The annual rhythm of the Christmas celebrations often runs the risk of making this time pass as a routine, to the point of deferring the dimension of mystery or even cancelling it. In order not to give in to this temptation and in order to savor Christmas better, I thought it opportune to share with everyone my present reflection on the meaning of Christmas as a gift to the Poor, the nodal point of the Christology of the Human Word in the Cusmanian perspective.

To begin with, it is important to underline that Cusmano, in his numerous letters, deploys an absolute Christocentrism, which places God at the center as the very reason for life. God being the whole of life, any claim to a life without Him can only be self-destructive for the human being. Cusmano wrote in this regard, in a letter: “My God, You are everything for me. I want nothing, but You alone and to possess You alone I renounce everything, I give to You my soul, my body, my powers and my senses. I desire You in every moment of my life and in order to possess You for just one moment I am happy to lose everything”[1].

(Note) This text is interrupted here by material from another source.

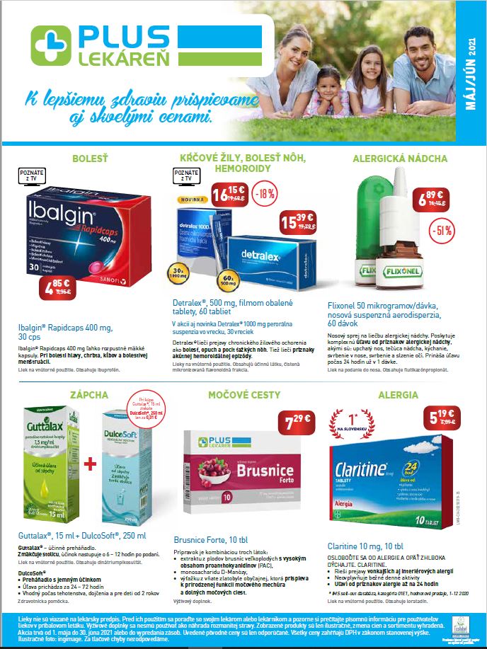 AkcieVážení zákazníci s potešením Vám odporúčame nasledovné akciové ponuky: V súčasnej mimoriadnej pandemickej situácii spôsobenej Koronavírusom (COVID-19, 2019-nCoV) Vám prinášame 2019-nCoV IgG/IgM rýchlo-testy na detekciu protilátok prítomných pri ochorení COVID-19. NOVINKA: Zároveň Vám dávame do pozornosti aj možnosť nákupu respiratorov FFP2 priamo v našej lekárni. Neváhajte a pozrite si katalógy produktov privátnej značky PLUS LEKÁREŇ, obsahujúce sortiment, ktorý nakupujete najčastejšie a to za výhodné ceny! Pre zdravé nožičky Vašich detičiek máme pre Vás pripravené zdravotné topánočky a papučky značky PROTETIKA, BAREFOOT a FARE od čísla 18 po číslo 30. Vyššie čísla topánočiek Vám radi objednáme. ![]() Značka PROTETIKA prináša širokú ponuku detskej obuvi z čisto prírodných materiálov a s prvkami, ktoré sú prevenciou pre zdravý vývoj detských nôh. PROTETIKA má pre deti v portfóliu obuv na všetky príležitosti – od vychádzkových topánočiek a sandáliek, cez športovú obuv a gumáčiky, až po plátenky a prezuvky. ![]() Naše chodidlá majú od narodenia všetky technológie, ktoré potrebujeme pre náš prirodzený pohyb. BAREFOOT topánočky umožňujú chodidlám prirodzene pracovať tak, akoby boli naboso a pohybovať sa tak, ako to príroda chcela. Majú nulový sklon podrážky medzi špičkou a pätou a predná časť topánky je navrhnutá v anatomickom tvare chodidla. Umožňujú tak prirodzené rozvinutie chodidla aj klenby nohy pri došľape a ich opätovné zmrštenie pri odraze. Vaše chodidlá tak neustále prirodzene pracujú. ![]() Detské topánočky FARE patrí medzi najpredávanejšie topánky pre deti. Sú odporúčané mamičkami aj odborníkmi pre ich vysokú kvalitu a skvelé funkčné vlastnosti. V našej ponuke nájdete detské topánočky pre všetky ročné obdobia. Pripravte sa na príchod slnečných dní s opaľovacími prípravkami AVENE. Máme pre Vás pripravenú zľavu 6€. Nádej pre lepší život s atopiou a svrbením Vám prinášajú produkty Avène upokojujúcej koncentrovanej starostlivosti XeraCalm A.D určené pre suchú, atopickú pokožku dojčiat, detí aj dospelých. Pozrite si novú generáciu obnovujúcej a ochrannej starostlivosti Cicalfate, pre celú rodinu z dielne Avène s vyššou účinnosťou pre okamžité upokojenie podráždenej a poškodenej kože. Prinášame Vám inovatívnu starostlivosť o pleť so sklonom k akné z produkcie Avène, Cleanance Comedomed, poskytujúcu viditeľné výsledky už po 7 dňoch, s novou patentovanou látkou Comedoclastin. Dávame Vám do pozornosti novinky Avène radu Hydrance, nekonečný zdroj hydratácie pre citlivú pleť s inovovaným prístupom k hydratácii. Upokojenie z prírody od Avène Vám prináša revolučnú starostlivosť Cleanance s riešením pre každý typ AKNÉ v 3 krokoch! Základná starostlivosť Avène pre pleť žiariacu krásou každý deň, s produktami za priaznivé ceny pre všetky druhy pleti. Odporúčame Vám upokojenie z prírody od Avène. Revolučná starostlivosť DermAbsolu o zrelú pleť s novým prístupom k procesom starnutia kože, zameraným na prejavy starnutia v 3 úrovniach za skvelé akciové ceny! Neprehliadnite novinku tónovanej hydratačnej starostlivosti Avène pre upokojenie a 24h hydratáciu pleti. Aj vo svojej krehkej koži sa môžete cítiť lepšie s produktami A-Derma zameranými na preventívnu starostlivosť o podráždenú a narušenú pokožku, pre všetkých – od dojčiat po seniorov. Z dielne Klorane Vám zároveň dávame do pozornosti starostlivosť o telo s bio maslom Cupuaçu s preukázanými blahodárnymi vlastnosťami pre všetky typy kože. Pozrite si aj novinku z produkcie Klorane s čistiacou silu mäty vodnej pre detox vlasov a vlasovej pokožky vhodnou pre prírodné, melírované alebo farbené vlasy. Drahé mamičky, odporúčame Vám prírodnú starostlivosť pre bábätká z dielne Klorane Bébé teraz aj vo výhodných DUO baleniach s jemným umývacím krémom a jemnými čistiacimi obrúskami za mimoriadne priaznivé ceny so zľavou -50 % na 2. gél a zľavou -70 % na 2. obrúsky! Neprehliadnite tiež jedinečnú 50% ZĽAVU na 2. šampón Ducray pôsobiaci proti reakčnému a chronickému vypadávaniu vlasov v balení DUO ANAPHASE+. Leto strieda jeseň a s ňou aj typické počasie. S ním sa ako bumerang vracia aj obdobie jesenných chrípok a chrípke podobných ochorení. Ak však máme po ruke dobre vybavenú homeopatickú „protichrípkovú“ lekárničku, nemusíme sa každoročných jesenných zdravotných komplikácií obávať. Prinášame Vám novinku Eucerin, hyalurónovú masku pre intenzívnu hydratáciu redukujúcu jemné vrásky do 5 min.

This primacy of God in Cusmano has as its foundation the mystery of the Incarnation, that is, Falzone explains, the understanding of Christ as the Word of God “who becomes incarnate, suffers and dies for sinners, but who remains with us in the sacrament of the Eucharist and makes himself present in a very special way in the ‘sacrament’ of the poor”[2]. Behold the mystery that constitutes the pivot of both the theological and spiritual thought of Cusmano and of his charitable activity. However, to designate this mystery, Cusmano uses the formula “Human Word” instead of the classic expression “Incarnate Word”. In fact, according to him, “Jesus Christ is the Human Word […]. He took on a body and a soul like we have, and thus became man without leaving God. He, being God consubstantial with the Father, lowered Himself to our misery and made it His own; and making it His own, He took upon Himself all the pains that were due to us, and suffered everything for us, in order to relieve us of the least suffering and enrich us with all the treasures of His grace”[3].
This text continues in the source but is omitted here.